Introduction

It is implementation of training module in C++ from article Boosting Sex Identification Performance http://www.cs.cmu.edu/~har/iaai2005.pdf

Datasets

Datasets consist of images with 3 different sizes of man and woman face images.

  • 16x16 - about 1136 images
  • 20x20 - about 4505 images
  • 24x24 - about 1139 images

file: xxsamples00.vec Where xx equal to 16, 20 or 24

  • 1 byte - width of dataset (w)
  • 1 byte - height of dataset (h)

And images to the end of the file

  • w*h bytes - image (first row - last row of image)
  • 1 byte - gender (1 for man and 255 for woman)

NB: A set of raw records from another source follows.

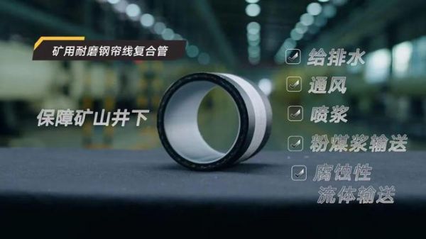 这是联塑自主研发的矿用钢帘线增强聚乙烯耐磨复合管。不同于普通矿用管道,它在聚乙烯基体中加入钢帘线层作为增强层材料,形成四层复合式结构,它的爆破压力可达4倍公称压力,耐磨性能则是常规碳钢的4-7倍,为能源运输安全打下坚固的防护墙。
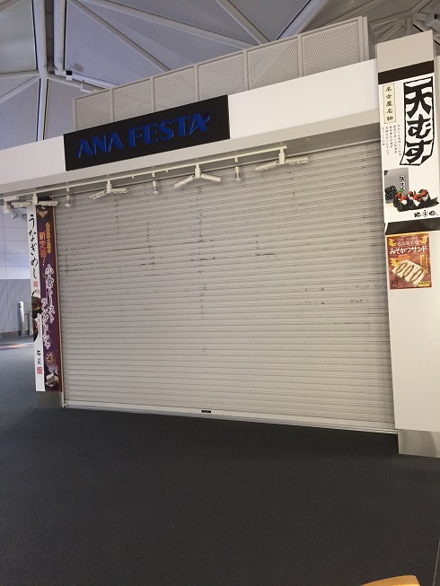 国内線制限エリア内にあるANAフェスタ。夜遅いとやっていません。フライト少し遅れたので遅くに行ったのですが、閉まっていました。お土産を買い忘れたら最後に買うチャンスはここです。
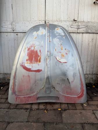 Original vintage Volkswagen Beetle front hood in very decent usable condition. Shows a little age otherwise the overall shape is pretty good and the hinge areas are in good usable shape. To the best of my knowledge this should fit most standard NON SUPER beetles 1968-1977. Great for parting a car back together,upgrade or repurposing
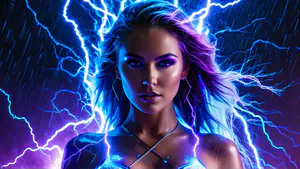 Dramatische studiofoto met spectaculaire neon lichteffecten en bliksemschichten tegen een donkere achtergrond. De intense blauwe en paarse kleuren creëren een futuristische sfeer, terwijl regendruppels en elektrische effecten voor extra spanning zorgen. perfect voor moderne marketingcampagnes of artistieke projecten.

All samples are normalized to mean = 128 and variance = 64.

Usage

To train model: *.exe --train 1 --data_filename "16samples00.vec" --percent_trainset 0.8 --num_classifiers 20 --save_period 10

To evaluate accuracy of trained model: *.exe --data_filename "16samples00.vec" --model_filename "model.bin" --percent_trainset 0.8

--train <1 or 0> 1 - to train model 0 - to evaluate accuracy of trained model (default)

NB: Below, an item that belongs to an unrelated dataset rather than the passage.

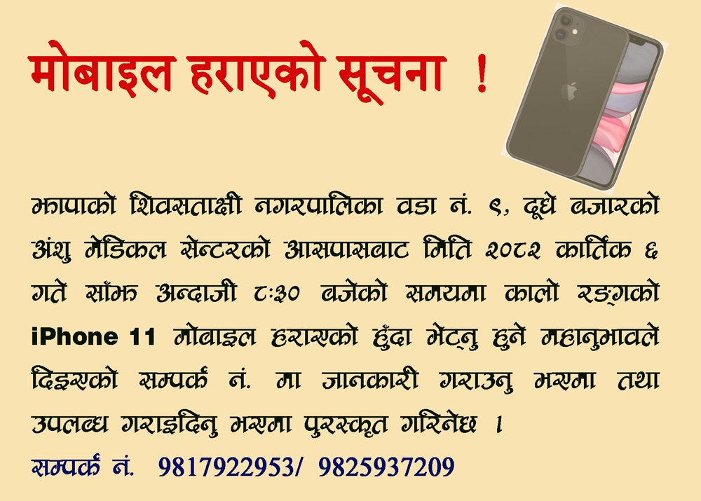 गृहपुष्ठ जिल्ला प्रदेशमोबाइल हराएको सूचना admin2 months ago01 mins Post navigation Previous: स्वर्गीय पवन चाम्लिङ राई : एक अमर स्मृतिNext: दुई दिन सर्यो झापा महिला गोल्डकप Leave a Reply Cancel replyYour email address will not be published. Required fields are marked *Comment * Name * Email * Website Save my name, email, and website in this browser for the next time I comment.
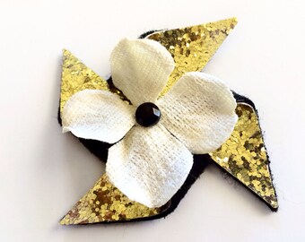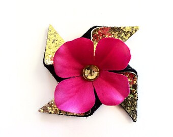 Black and Gold Pinwheel Hair Clip, Glitter gold and black hair clip, Black Gold and Fuchsia Pinwheel hair clip, Glitter Pinwheel.

--data_filename File with images in *.vec format

--model_filename Filename of trained model to evaluate accuracy

--percent_trainset Percent of data as trainset should be in [0.5; 1], to evaluate accuracy [0; 1] (default - 0.0 (0 %)

--percent_classifiers Percent of classifiers to observe in every iterations, should be from 0.01 to 1. (default - 0.8 (80%))

--num_classifiers Amount of classifiers to train. Should be from 1 to 1000.

--save_period Save trained classifiers every 'period' iterations (default - 100)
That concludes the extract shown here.